You then try to find matches of the sequence of features in your effect with the sample. If this does not work then you could analyze each frame using an FFT this gives you a feature vector for each frame. Then use cross-correlation in the time domain. Constructing new waveforms from the effect and the sample by using the average of the peak values over time frames that are just short enough to capture the relevant features. This is less likely to be affected by the mp3 process.įirst, normalise your sample so the embedded effects are the same level as your reference effect. You could try trying to match the volume envelopes of your effect and your sample. The mp3 signal will preserve the perceptual properties but it is quite likely the phases of the frequency components will be shifted so the sample values will not match. Trying to directly match waveforms samples in the time domain is not a good idea. So I can imagine that some kind of averaging on every loop would cause this to take considerably longer. I should also note this script takes just over 1 minute to process the 3 hour file (which includes 237,426,624 samples).

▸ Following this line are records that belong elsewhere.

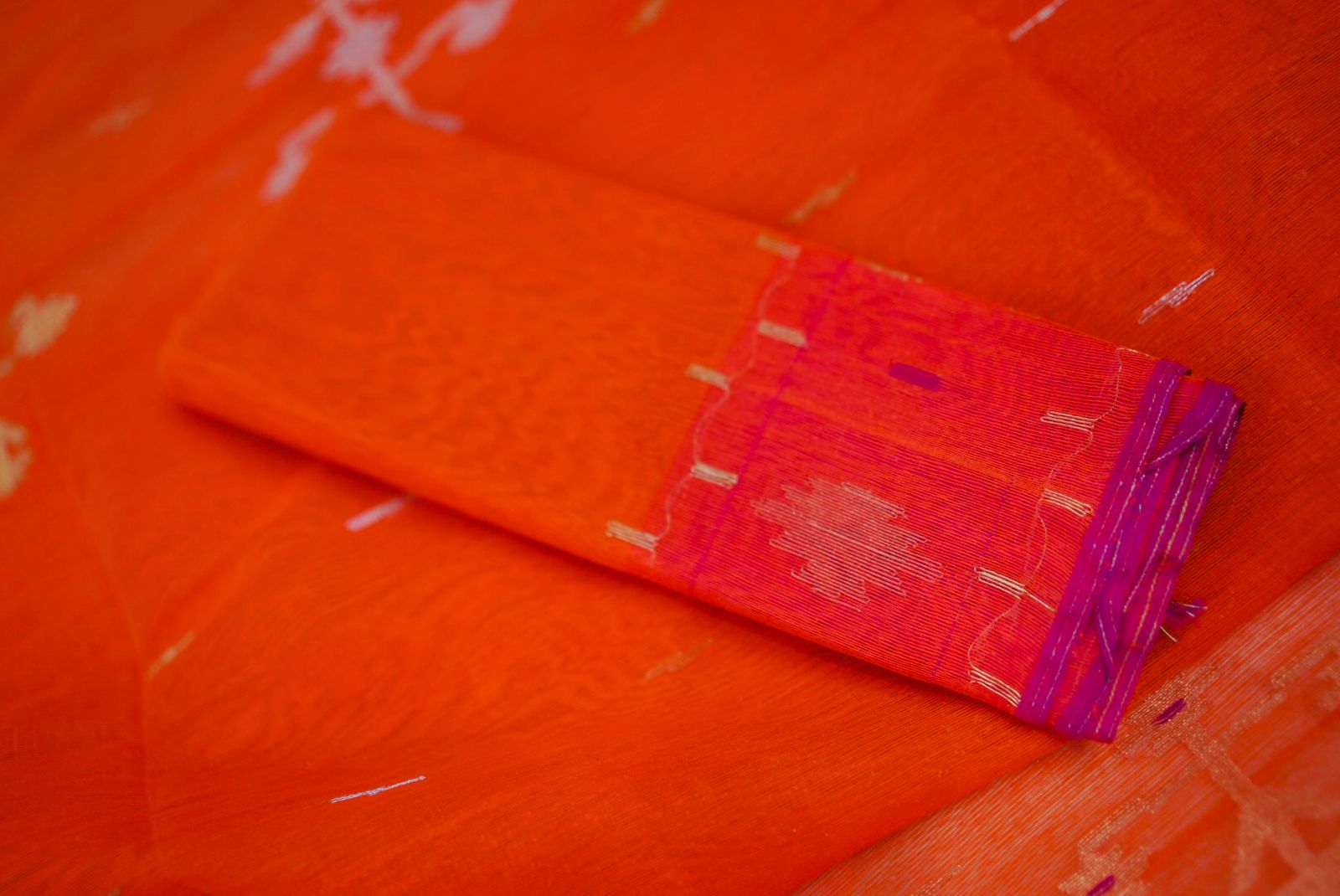 Design: Known for its intricate motifs — often inspired by flowers, vines, and geometric patterns — every Jamdani saree is a masterpiece of patience and craftsmanship. The motifs are woven directly into the fabric (not printed or embroidered), showcasing the true artistry of handloom weaving.
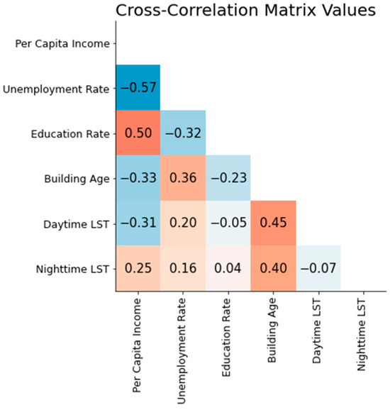 Assessing the interrelationships among predictor variables is a critical step in ensuring the robustness of our analysis. Figure 3 illustrates the cross-correlation matrix for the predictor variables, providing insights into the potential multicollinearity that could affect the interpretation of the results. The cross-correlation analysis indicates that the highest correlation exists between the unemployment rate and per capita income, with a coefficient of −0.57. While this is substantial, it does not preclude the inclusion of both variables in our model, as the inclusion of both enhances our model’s performance.
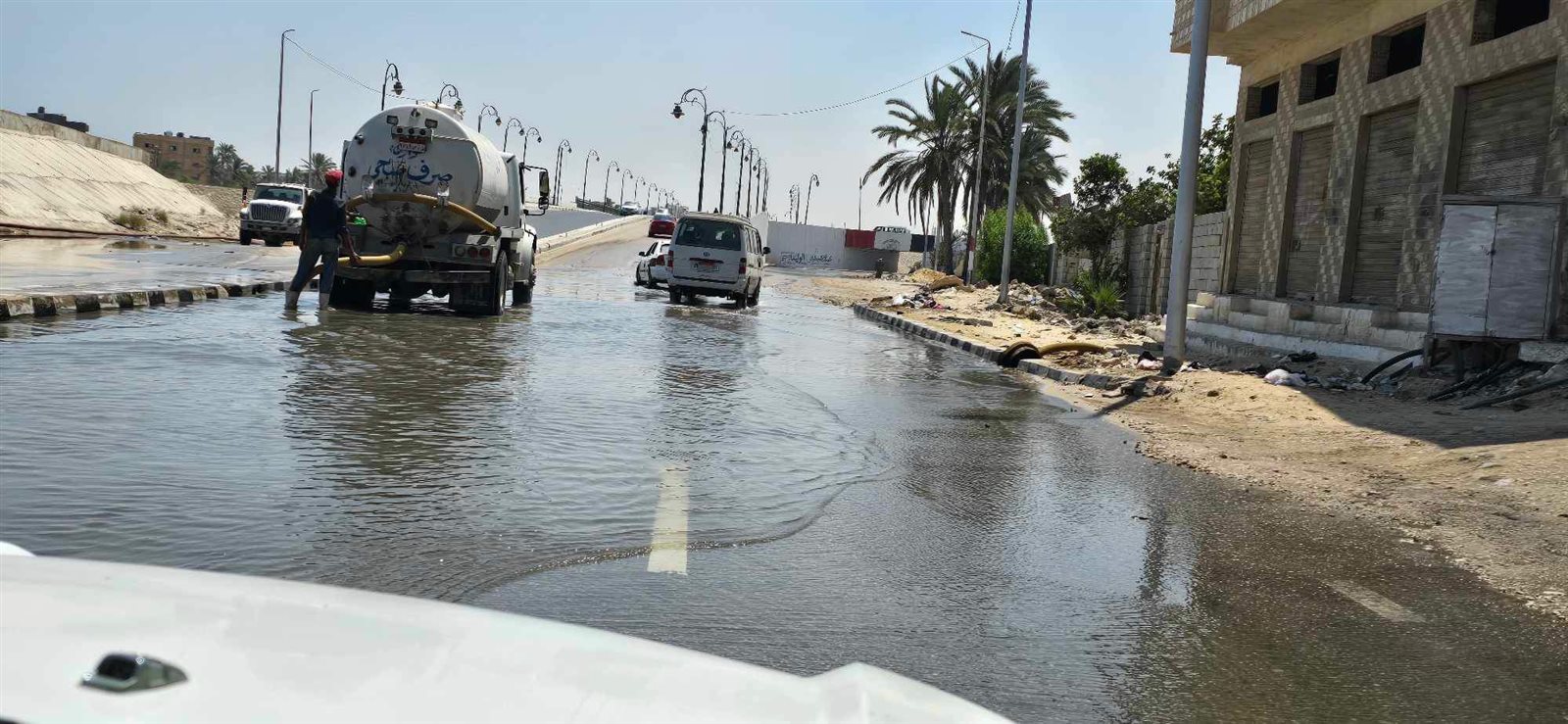 تسبب تعطل محطة الصرف الصحي بمدينة العريش، في غرق منطقة جسر الوادي، وتعطل جزئي لحركة السير.

Phew sound affect audio file mp4#
This does not work with the MP3 files above, but did with an MP4 version - where it was able to find the sample I extracted, but it was only that one sample (not all 12). Sample_series = numpy.around(sample_series, decimals=5) įor source_id, source_sample in enumerate(source_series): Source_series = numpy.around(source_series, decimals=5) Sample_series, sample_rate = librosa.load('sample.mp3') # 1 second file Source_series, source_rate = librosa.load('source.mp3') # 3 hour file
Phew sound affect audio file series#
I'm very new to audio processing, but my initial thought was to extract a sample of the 1 second sound effect, then use librosa in python to extract a floating point time series for both files, round the floating point numbers, and try to get a match. The time offsets will be stored in the ID3 Chapter Frame MetaData.Įxample Source, where the sound effect plays twice.įfmpeg -ss 0.9 -i source.mp3 -t 0.95 sample1.mp3 -acodec copy -yįfmpeg -ss 4.5 -i source.mp3 -t 0.95 sample2.mp3 -acodec copy -y The sound effect is similar every time, but because it's been encoded in a lossy file format, there will be a small amount of variation. Is it possible to identify each time this sound effect is played, so I can note the time offsets? I have a load of 3 hour MP3 files, and every ~15 minutes a distinct 1 second sound effect is played, which signals the beginning of a new chapter.